My old stomping ground!

I was at Tile Place Stables for 10 years, well run, good facilities, direct access to the Great Park
Dell Park Farm - right on the Park, but probably doesn't do Assisted DIY
Beaumont - but on a steep, busy hill.


Bit further out:

Hornbuckle - good hacking on farm tracks
Lakeside - has a good canter track but hacking lacking


----------



## Sowere (17 April 2017)

thank you Hexx
I live in holyport so I can travel a bit 
I will call hornbuckle
I visited a very nice place gleniffer, very friendly but full so I am trying to find plan B if he cant have a space by the summer


----------



## Hexx (17 April 2017)

Glenifer is a nice yard, however, there is no hacking - you have to go on a very busy road to get to any bridlepaths.  

Try Kimber's Farm in Holyport, they are on a slightly quieter road.

There's also Clevelands on the same road as Kimbers, but I am not sure if Paul does livery (I was there on livery many years ago).

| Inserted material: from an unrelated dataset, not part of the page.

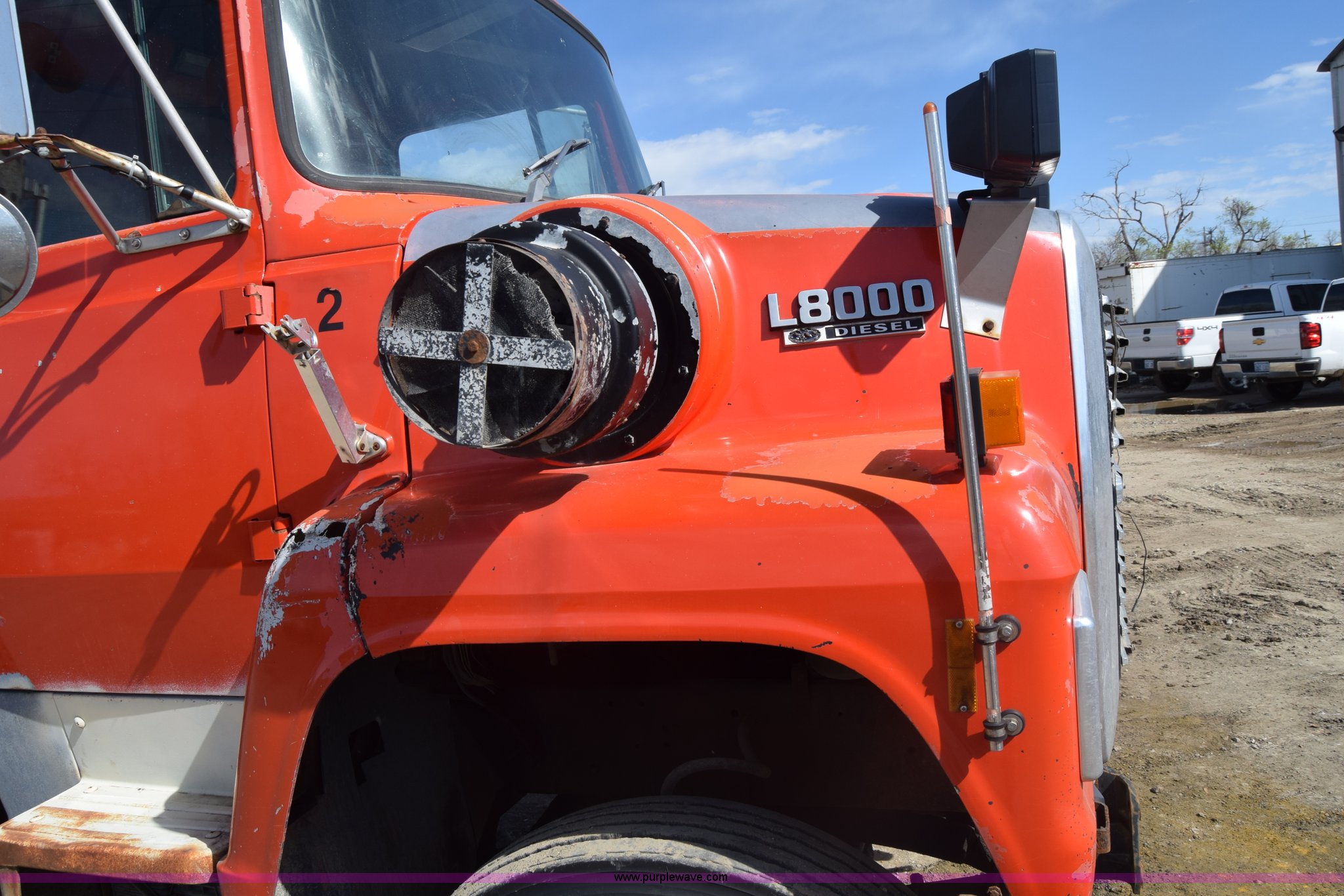 Purple Wave is selling a used Construction Dump Truck in Kansas. This item is a 1989 Ford LNT8000 dump truck with the following: 184,174 miles on odometer, 6,491 hours on meter, Ford 7.8L L6 turbo diesel engine, Automatic transmission, Tandem axle, Heat, PTO, 12'L x 8'W steel dump bed, 1000 gallon poly tank, Spring suspension, Air brakes, 295/75R22.5 tires, End gate has been removed

I really would give Claire at Tile Place a ring https://www.facebook.com/tileplace.stables.


----------



## Sowere (27 April 2017)

hi hexx I had Claire on the phone ,very friendly but I was looking for assisted DYI mostly
I have found my happiness in Henley which is a little further but the yard is beautiful and the lady running it is used to Portuguese horses and I will be really close from Diane Thurman when  I need lessons as we used to ride with the same people in Portugal 
so maybe I will be the one who will need to move closer


----------